DATA SHOWN:
########################################

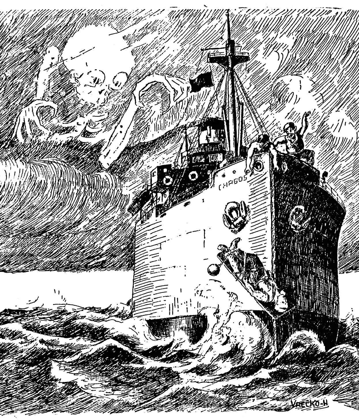 Dvije ilustracije, svaka na svoj način dojmljiva i ekspresivna, koje su pratile Fuisovu pripovijetku „Lutalica Chagos – Brod smrti“ nacrtao je M. Vrečko, o kojemu nam nisu dostupne informacije, osim što smo na njegov potpis naišli i na još nekim drugim ilustracijama iz toga vremena u „Kulisi“.
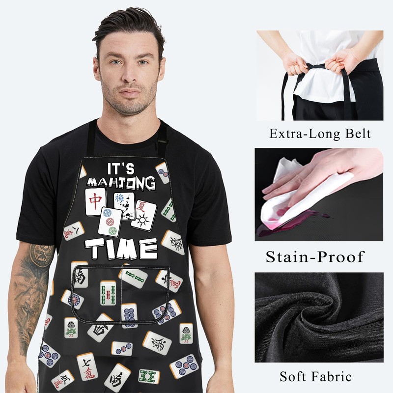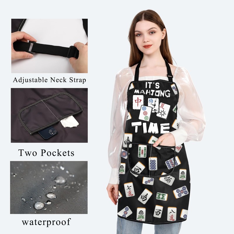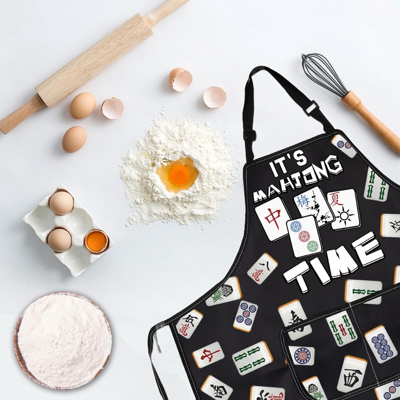 BDPWSS Mahjong Lover Gift Mah Jongg Accessories Mahjong Player Gift It's Mahjong Time Funny Mahjong Themed Cooking Apron (Mahjong time apronCA)
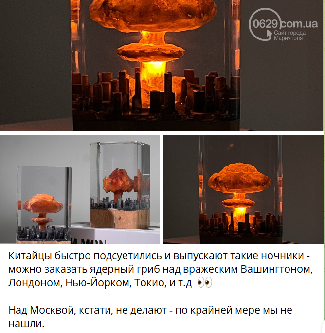 Некоторые телеграмм-каналы, например «Мариуполь наш», снова поднимали тему ядерных угроз странам ЕС. Они показали ночник в виде ядерного взрыва над большим городом и стали говорить, что это разработал Китай, чтобы намекнуть «западным партнерам» о возможной ядерной угрозе.

########################################

TASK TO COMPLETE:
Every line of the listing above is to be retyped exactly, but the pictures are to be dropped.

RESPONSE AREA:
 Dvije ilustracije, svaka na svoj način dojmljiva i ekspresivna, koje su pratile Fuisovu pripovijetku „Lutalica Chagos – Brod smrti“ nacrtao je M. Vrečko, o kojemu nam nisu dostupne informacije, osim što smo na njegov potpis naišli i na još nekim drugim ilustracijama iz toga vremena u „Kulisi“.
 BDPWSS Mahjong Lover Gift Mah Jongg Accessories Mahjong Player Gift It's Mahjong Time Funny Mahjong Themed Cooking Apron (Mahjong time apronCA)
 Некоторые телеграмм-каналы, например «Мариуполь наш», снова поднимали тему ядерных угроз странам ЕС. Они показали ночник в виде ядерного взрыва над большим городом и стали говорить, что это разработал Китай, чтобы намекнуть «западным партнерам» о возможной ядерной угрозе.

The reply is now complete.